Retype the listing below line for line, but only from the line with "1年生が初めて全校朝会で整列" down to the line with "嗜血狼王-杜米特夫,荷鲁斯四", inclusive. Pictures stay out.
= Beginning of Section =
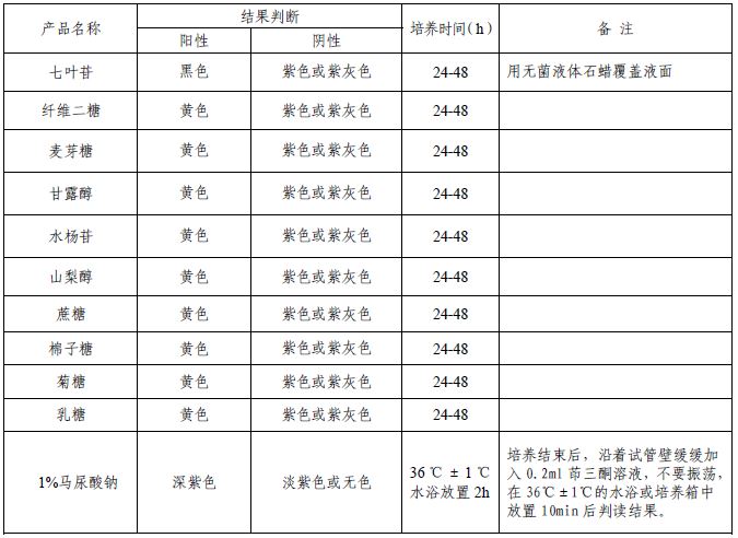 七叶苷、纤维二糖、麦芽糖、甘露醇、水杨苷、山梨醇、蔗糖、棉子糖、菊糖、乳糖、1%马尿酸钠。
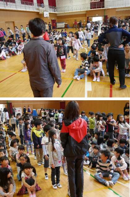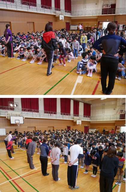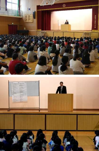 1年生が初めて全校朝会で整列しました。全児童がそろっての全校朝会になりました。校長先生から、サトウハチローさんの「美しく自分を染めあげてください」という詩を読みました。
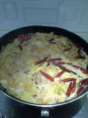 鱼骨(块)炒好就该加水了,爱喝汤就多加点,只喜欢吃鱼就不用加很多,待水开后将鱼片一块块放入锅中,等鱼块变成白色的就可以开吃了
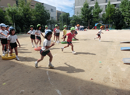 園庭では年少組の「イエーイ!」とポーズを楽しむ声が響き、
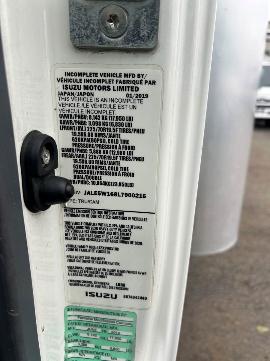 The 2020 Isuzu NQR 22' Box Truck is a reliable, diesel-powered hauler built to handle medium-duty delivery tasks with efficiency and durability. Powered by an Isuzu 4HK1-TC 5.2L turbocharged diesel engine, it delivers 215 horsepower and 452 lb-ft of torque, paired with an Aisin A465 6-speed automatic transmission with double overdrive for smooth, fuel-efficient performance. With a 17,950 lbs. gross vehicle weight rating (GVWR) and a 176-inch wheelbase, this Class 5 truck features a spacious 22-foot box, ideal for logistics, moving services, or general freight transport. Its low-cab-forward design provides excellent visibility and a tight turning radius, perfect for navigating urban routes or tight loading zones. The driver’s cab seats up to three and is designed for comfort, with air conditioning, power windows, and an ergonomic layout for long shifts. Strong, dependable, and built to work, this 2020 Isuzu NQR is a top choice for businesses seeking a versatile, high-performance hauler.
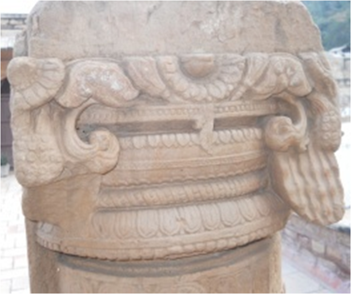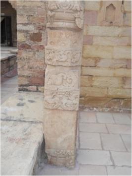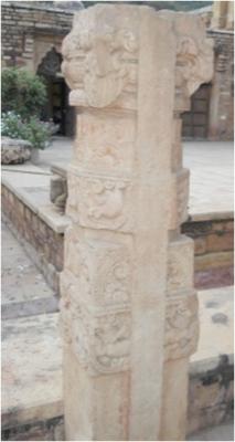 A pillar of a temple is carved beautifully, having parts from bottom of top. The lowest part adorns with ghat pallav, Kirtimukh design, second part is plain without carving topped with wingged lions and griffion band Kirtimuk. Third octogonal part is carved with floral design and birds topped with half lotus design. The bracket capital is square above circular part, containing attractive design.
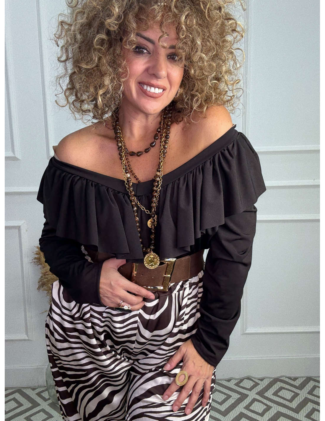 Este body de manga larga tiene un diseño elegante y femenino. Cuenta con un escote amplio en forma de barco adornado con un volante ancho que recorre todo el contorno del escote, aportando un estilo romántico y con movimiento.
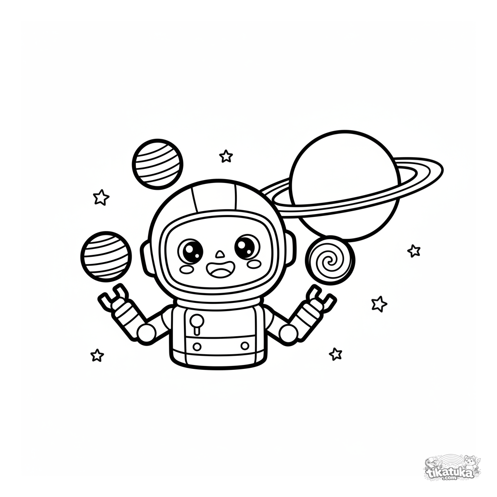 Simple coloring page for toddlers: a cute astronaut robot juggling planets in space. For kids aged 2-5. Large shapes, low detail, fun and friendly scene.
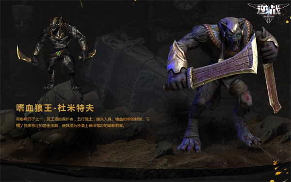 嗜血狼王-杜米特夫,荷鲁斯四子之一,冥王胃的保护者,五行属土,狼头人身。嗜血如命的豺狼,习惯了独来独往的游走杀戮,使其成为沙漠上神出鬼没的暗影刺客。
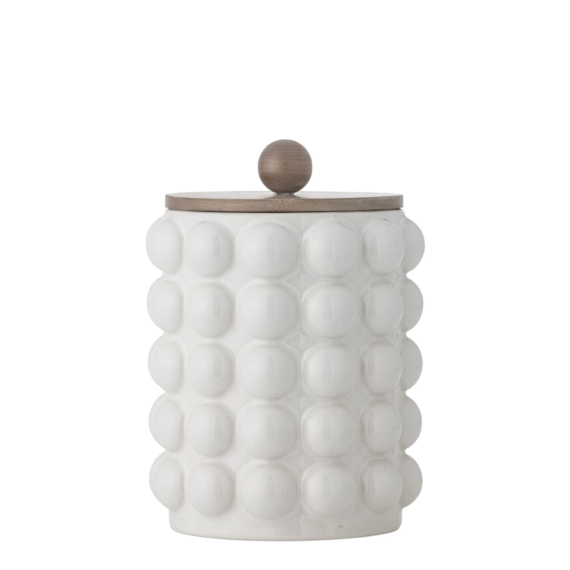 Bloomingville Keramická dóza Madge White 1300 ml, bílá barva, keramika. Krásným kouskem ve vaší kuchyňské výbavě bude tato keramická dóza od dánské značky Bloomingville. Na první pohled zaujme bublinkovým designem, díky kterému si ji budete chtít vystavit na viditelné místo v kuchyni.
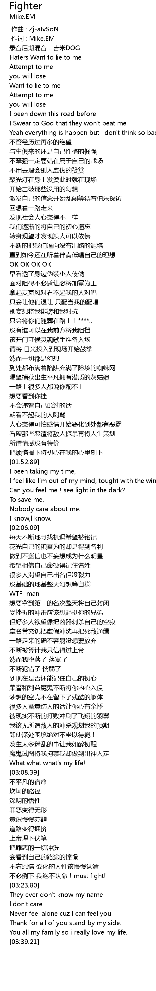 | [00:01.000] | 作词 : Mike.EM |
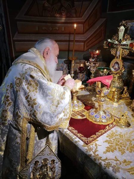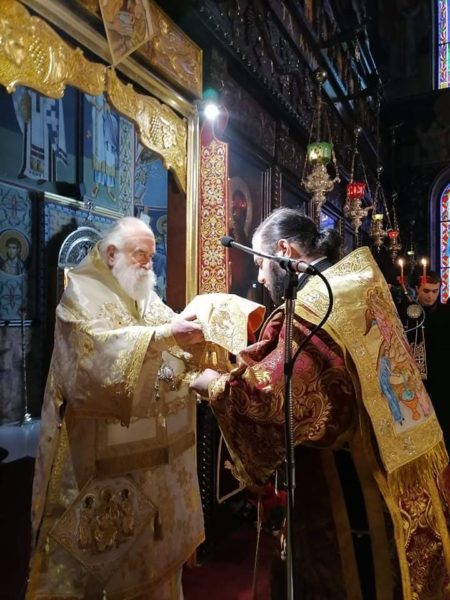 Τον Σεβασμιώτατο πλαισίωσαν ο προϊστάμενος του ιερού ναού π. Ιωάννης Ιωαννίδης και ο αρχιδιάκονος της Μητρόπολης π. Νεκτάριος.
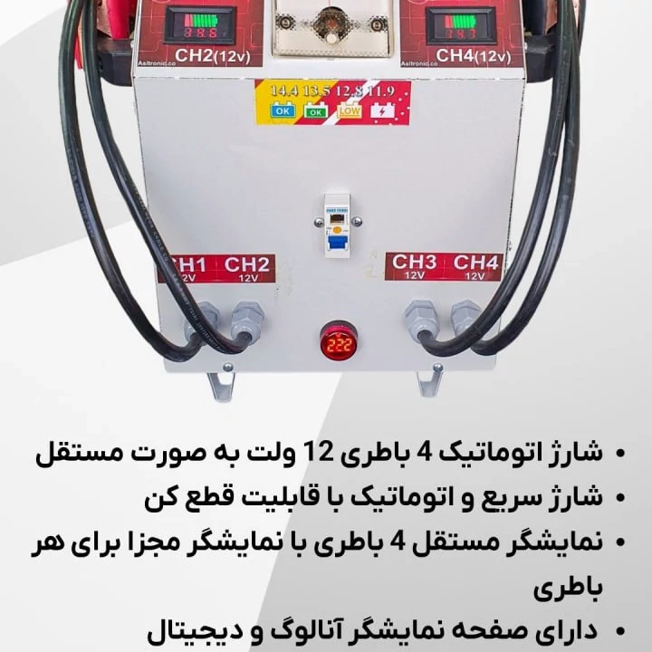 -شارژر اتوماتیک 4 باطری 12 ولت به صورت مستقل -شارژ سریع و دارای قطع کن اتوماتیک -دارای نمایشگر دیجیتال و آنالوگ - نمایشگر مستقل برای هر باطری با بصورت جداگانه
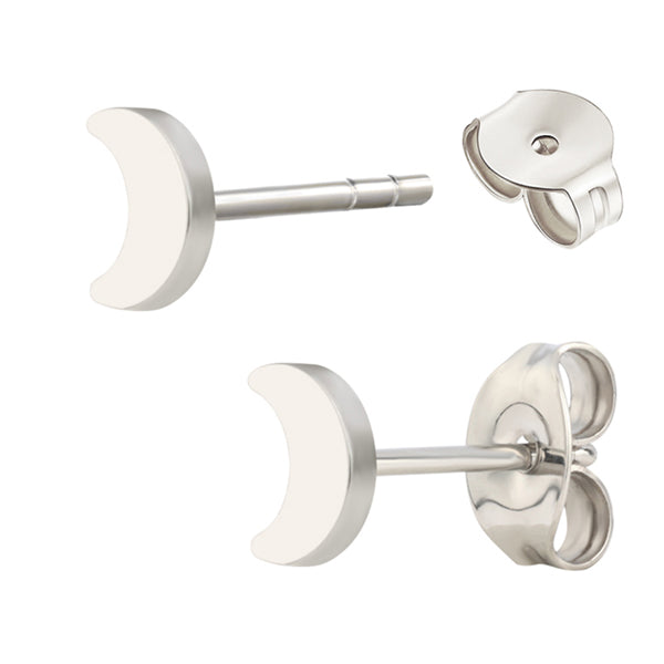 These 20 gauge moon stud earrings are made from high polish grade 23 titanium (Ti 6Al-4V ELI ASTM F136).
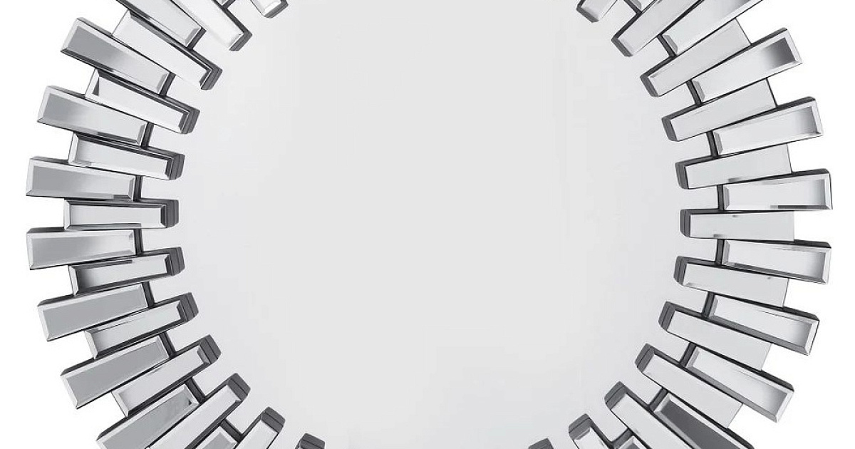 Круглое настенное зеркало формата XL с зеркальной рамой - вдохновлено сокровищницей форм солнечных зеркал. Но здесь в ультра-крутом варианте.
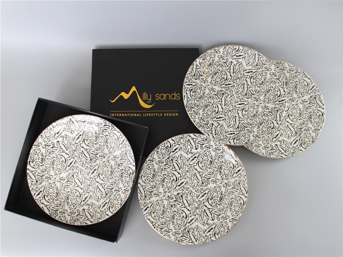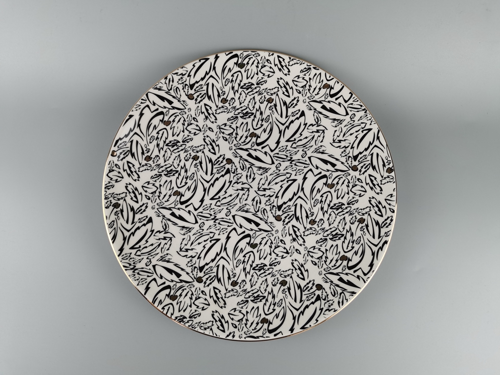 Dinner plate inspired by the green woods of the UK, with accents of gold to highlight the regency of this country. Additional gold rim for added elegance.
= End of Section =
§ **Reply to the exercise**:
 1年生が初めて全校朝会で整列しました。全児童がそろっての全校朝会になりました。校長先生から、サトウハチローさんの「美しく自分を染めあげてください」という詩を読みました。
 鱼骨(块)炒好就该加水了,爱喝汤就多加点,只喜欢吃鱼就不用加很多,待水开后将鱼片一块块放入锅中,等鱼块变成白色的就可以开吃了
 園庭では年少組の「イエーイ!」とポーズを楽しむ声が響き、
 The 2020 Isuzu NQR 22' Box Truck is a reliable, diesel-powered hauler built to handle medium-duty delivery tasks with efficiency and durability. Powered by an Isuzu 4HK1-TC 5.2L turbocharged diesel engine, it delivers 215 horsepower and 452 lb-ft of torque, paired with an Aisin A465 6-speed automatic transmission with double overdrive for smooth, fuel-efficient performance. With a 17,950 lbs. gross vehicle weight rating (GVWR) and a 176-inch wheelbase, this Class 5 truck features a spacious 22-foot box, ideal for logistics, moving services, or general freight transport. Its low-cab-forward design provides excellent visibility and a tight turning radius, perfect for navigating urban routes or tight loading zones. The driver’s cab seats up to three and is designed for comfort, with air conditioning, power windows, and an ergonomic layout for long shifts. Strong, dependable, and built to work, this 2020 Isuzu NQR is a top choice for businesses seeking a versatile, high-performance hauler.
 A pillar of a temple is carved beautifully, having parts from bottom of top. The lowest part adorns with ghat pallav, Kirtimukh design, second part is plain without carving topped with wingged lions and griffion band Kirtimuk. Third octogonal part is carved with floral design and birds topped with half lotus design. The bracket capital is square above circular part, containing attractive design.
 Este body de manga larga tiene un diseño elegante y femenino. Cuenta con un escote amplio en forma de barco adornado con un volante ancho que recorre todo el contorno del escote, aportando un estilo romántico y con movimiento.
 Simple coloring page for toddlers: a cute astronaut robot juggling planets in space. For kids aged 2-5. Large shapes, low detail, fun and friendly scene.
 嗜血狼王-杜米特夫,荷鲁斯四子之一,冥王胃的保护者,五行属土,狼头人身。嗜血如命的豺狼,习惯了独来独往的游走杀戮,使其成为沙漠上神出鬼没的暗影刺客。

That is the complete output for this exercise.